Intangiblia™

Fair Use or Foul Play? AI Training, Copyright, and Consent

Leticia Caminero Season 5 Episode 1

Has your creative work been secretly fed to AI systems without your knowledge or consent? Across the creative landscape, from journalism to literature to visual arts, professionals are discovering their life's work has been quietly scraped, processed, and monetized by tech companies building the next generation of AI tools.

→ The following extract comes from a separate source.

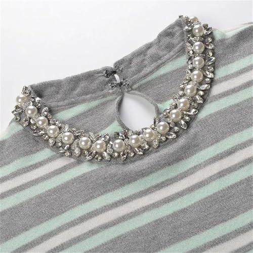 Women’s Elegant Pullover Short-Sleeve Sweater Pearls Beading Striped Top 5

We pull back the curtain on what many are calling theft at an unprecedented scale. Meta's controversial harvesting of 81 terabytes from shadow libraries to train their Llama models. OpenAI and Microsoft facing lawsuits from major newspapers whose archives now power competing AI systems. The startling reality that creative works are being absorbed by machines programmed to mimic—and potentially replace—their human creators.

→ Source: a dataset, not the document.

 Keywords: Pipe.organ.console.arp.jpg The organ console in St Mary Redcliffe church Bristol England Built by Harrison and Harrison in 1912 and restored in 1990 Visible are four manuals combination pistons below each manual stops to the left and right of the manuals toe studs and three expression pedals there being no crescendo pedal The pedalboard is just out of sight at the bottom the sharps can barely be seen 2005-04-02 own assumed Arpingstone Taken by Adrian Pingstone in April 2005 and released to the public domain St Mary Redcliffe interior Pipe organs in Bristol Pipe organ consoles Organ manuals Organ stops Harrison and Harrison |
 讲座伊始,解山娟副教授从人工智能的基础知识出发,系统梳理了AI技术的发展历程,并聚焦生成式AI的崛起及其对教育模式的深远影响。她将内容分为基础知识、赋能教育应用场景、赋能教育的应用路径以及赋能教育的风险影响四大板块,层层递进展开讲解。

The legal landscape is transforming in response, with dramatically different approaches emerging worldwide. The US Copyright Office questions whether AI training constitutes infringement while the UK proposes an opt-out system that artists condemn as a "default license to steal." Meanwhile, the EU demands transparency about training data, and Australia calls for stronger creator protections. As courts grow skeptical of expansive fair use claims, new models are taking shape: collective licensing systems, creator opt-in platforms, and calls for a global WIPO treaty to harmonize rights across borders.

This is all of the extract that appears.